MATERIAL PROVIDED below:

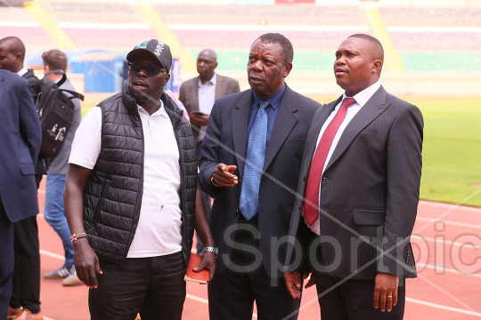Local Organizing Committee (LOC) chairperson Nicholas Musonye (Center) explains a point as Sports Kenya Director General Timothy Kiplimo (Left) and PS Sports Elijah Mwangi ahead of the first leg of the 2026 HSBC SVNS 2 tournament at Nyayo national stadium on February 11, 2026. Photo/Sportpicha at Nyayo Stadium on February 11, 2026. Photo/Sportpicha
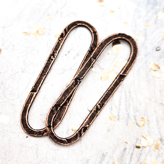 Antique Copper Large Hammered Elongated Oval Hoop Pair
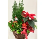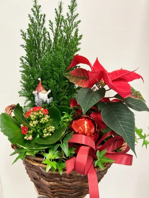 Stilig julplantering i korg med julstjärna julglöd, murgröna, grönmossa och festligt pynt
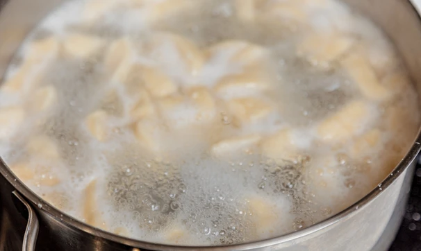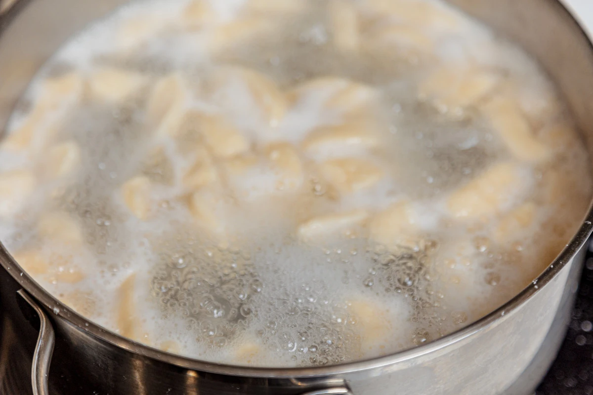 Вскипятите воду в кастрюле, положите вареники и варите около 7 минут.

End of MATERIAL PROVIDED.
MATERIAL PROVIDED below:

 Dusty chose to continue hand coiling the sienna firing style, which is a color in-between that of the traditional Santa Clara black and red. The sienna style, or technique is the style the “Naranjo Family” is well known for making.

End of MATERIAL PROVIDED.

| TASK DETAILS |
Although the records above contain pictures, the copy must not; set down exactly the lines from the one with "Local Organizing Committee" up to and including the one with "Stilig julplantering i".

| EXERCISE SOLUTION |
Local Organizing Committee (LOC) chairperson Nicholas Musonye (Center) explains a point as Sports Kenya Director General Timothy Kiplimo (Left) and PS Sports Elijah Mwangi ahead of the first leg of the 2026 HSBC SVNS 2 tournament at Nyayo national stadium on February 11, 2026. Photo/Sportpicha at Nyayo Stadium on February 11, 2026. Photo/Sportpicha
 Antique Copper Large Hammered Elongated Oval Hoop Pair
 Stilig julplantering i korg med julstjärna julglöd, murgröna, grönmossa och festligt pynt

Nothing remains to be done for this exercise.